Source data
=-=-=
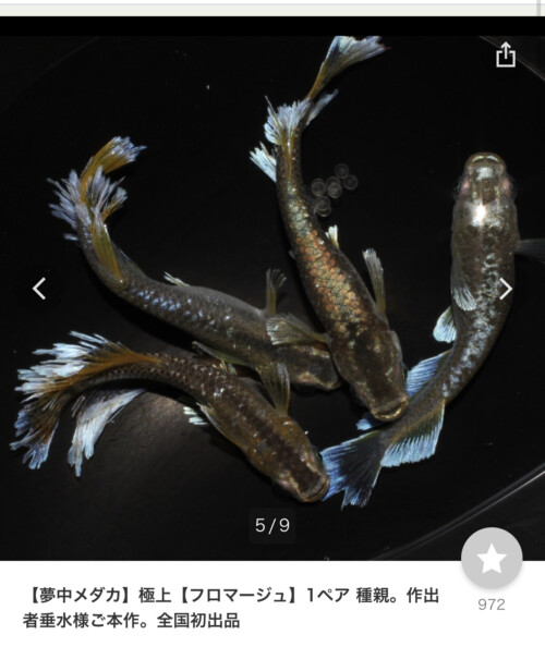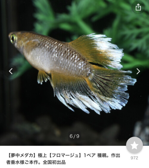 少し前に販売した、【ミッドナイトフリル】は、色飛びしない黒体色に、体外光、ラメ、そこに」ロングフィンを併せ持ったメダカでしたが、今回販売の【フロマージュ】は、兄弟魚の中でも、【ホワイトアウト】と1,2位を争うくらい、ヒレ中の白い結晶を多く持ち、また、豊かなロングフィンが発現する性質を持ったメダカです。色飛びしないメダカ作りが期待出来るメダカだと考えており、今後の皆さんの改良に期待するところです。
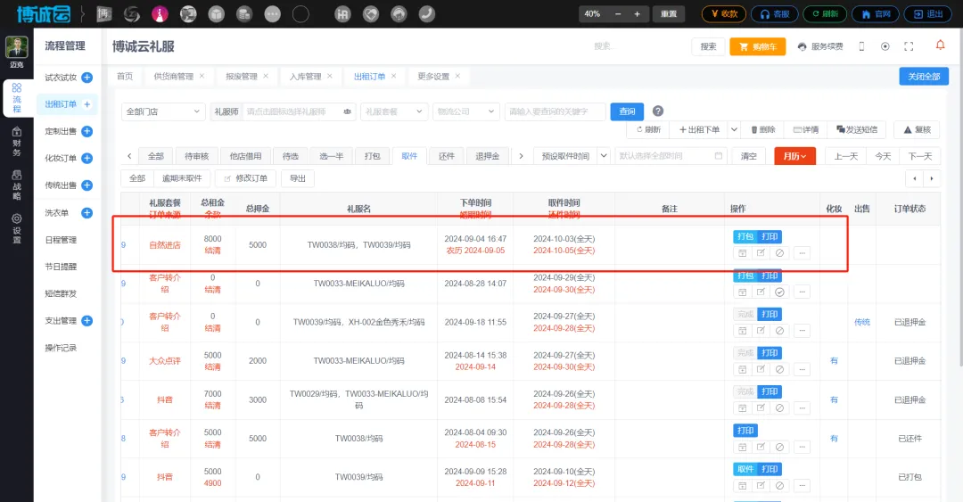 租借礼服取件后遇到各种原因造成婚期延期, #博诚云爱尚礼服系统里面如何操作取件后客户婚期延期的流程呢?
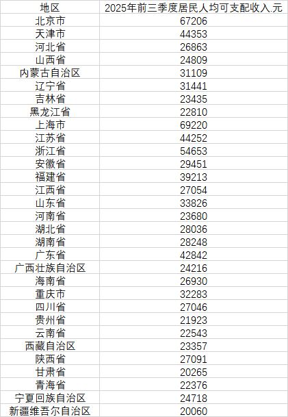 31省份2025年前三季度居民人均可支配收入
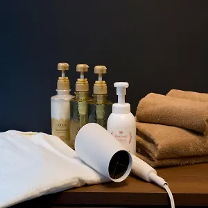 The rooms have private bathrooms with a bidet, a separate toilet, and a bath. Guests can also use a bidet and a tub, along with such amenities as hair dryers and guest toiletries.
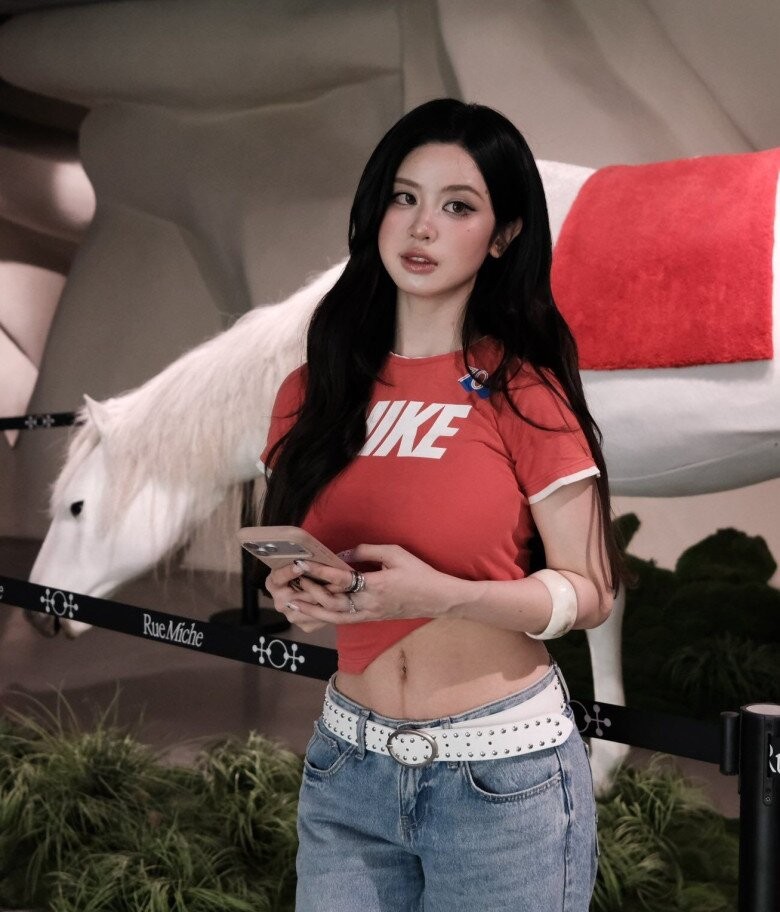 Ở những hình ảnh đời thường khác, gen Z cũng thoải mái khoe vòng hai với đường sọc nâu thấy rõ.
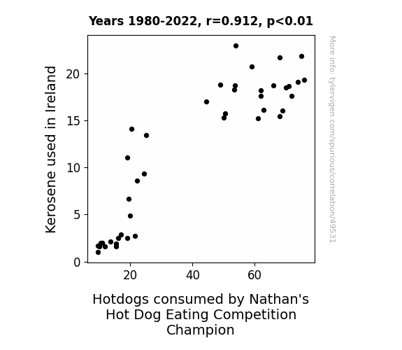 This means 83.2% of the change in the one variable (i.e., Hotdogs consumed by Nathan's Hot Dog Eating Competition Champion) is predictable based on the change in the other (i.e., Kerosene used in Ireland) over the 43 years from 1980 through 2022.
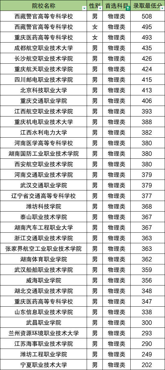 (3)重庆交通职业学院:物理类最低406分、历史类最低428分;
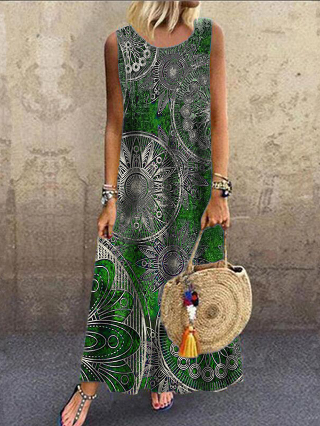 Rochie Maxi Femei Rochie Casual Rochie T Shirt Rochie Tee Rochie de Vară Basic Extern Vacanță Petrecere Ajustare Regulată Florală Mâneci Scurte Gât Crew Roșu Albastru Verde Vară Primăvară
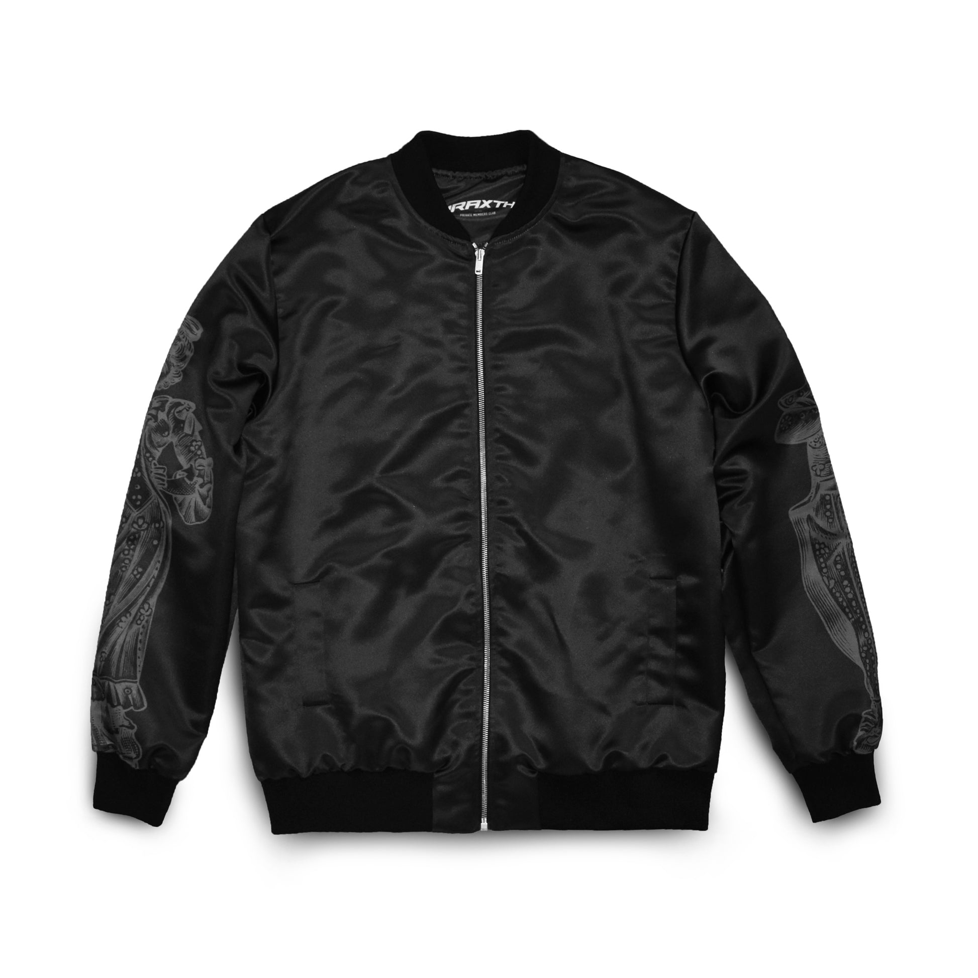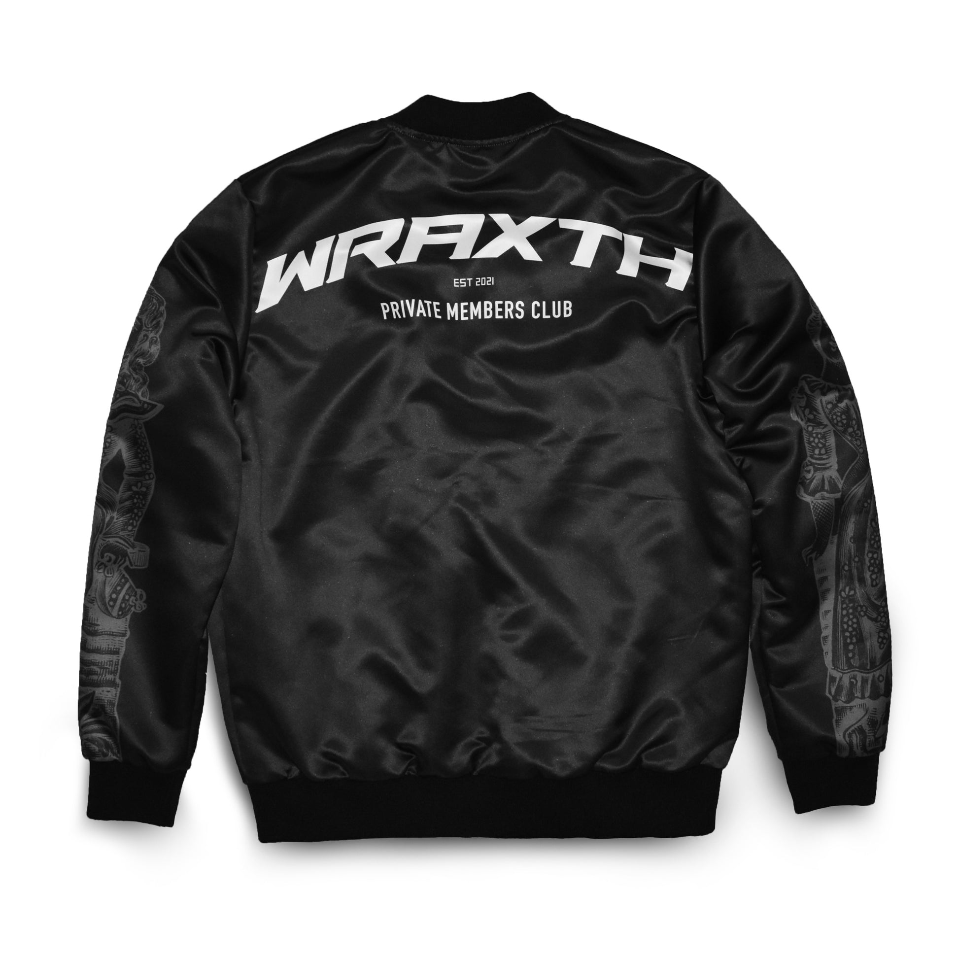 A luxury bomber jacket, the iconic WRAXTH Members Club piece featuring Princess Statue Motifs.
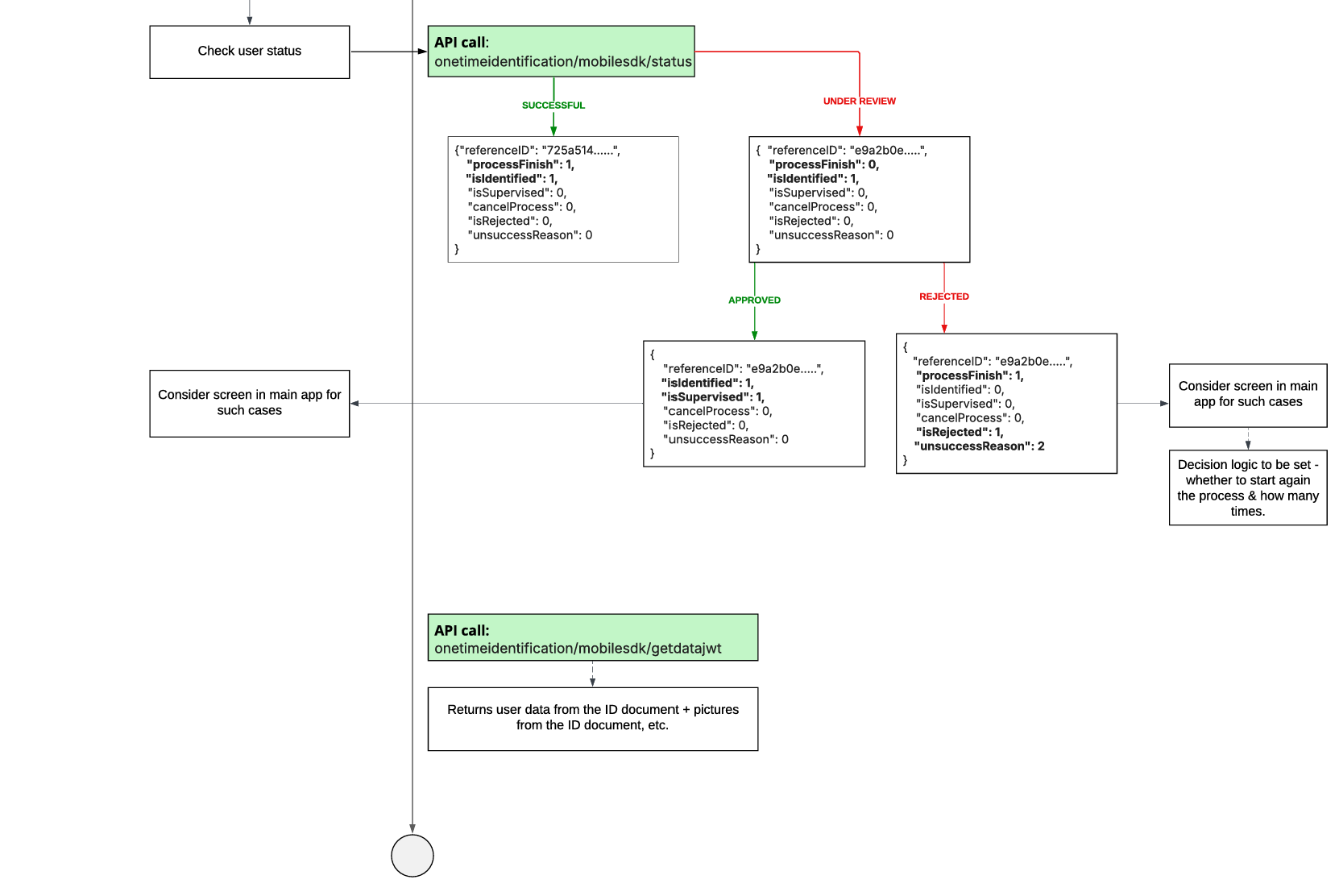 The complete Evrotrust eID ecosystem includes several workflow variations to handle different scenarios and edge cases. The detailed diagrams below show the full range of possible paths, including successful flows, error handling, alternative verification methods, and user decision points. These comprehensive views help developers understand all potential outcomes and implement appropriate handling logic
=-=-=
## What the exercise asks:
The reply should hold the lines from the top of the records through the line containing "31省份2025年前三季度居民人均可支配收入", reproduced exactly, and no pictures.

## Response to this task:
 少し前に販売した、【ミッドナイトフリル】は、色飛びしない黒体色に、体外光、ラメ、そこに」ロングフィンを併せ持ったメダカでしたが、今回販売の【フロマージュ】は、兄弟魚の中でも、【ホワイトアウト】と1,2位を争うくらい、ヒレ中の白い結晶を多く持ち、また、豊かなロングフィンが発現する性質を持ったメダカです。色飛びしないメダカ作りが期待出来るメダカだと考えており、今後の皆さんの改良に期待するところです。
 租借礼服取件后遇到各种原因造成婚期延期, #博诚云爱尚礼服系统里面如何操作取件后客户婚期延期的流程呢?
 31省份2025年前三季度居民人均可支配收入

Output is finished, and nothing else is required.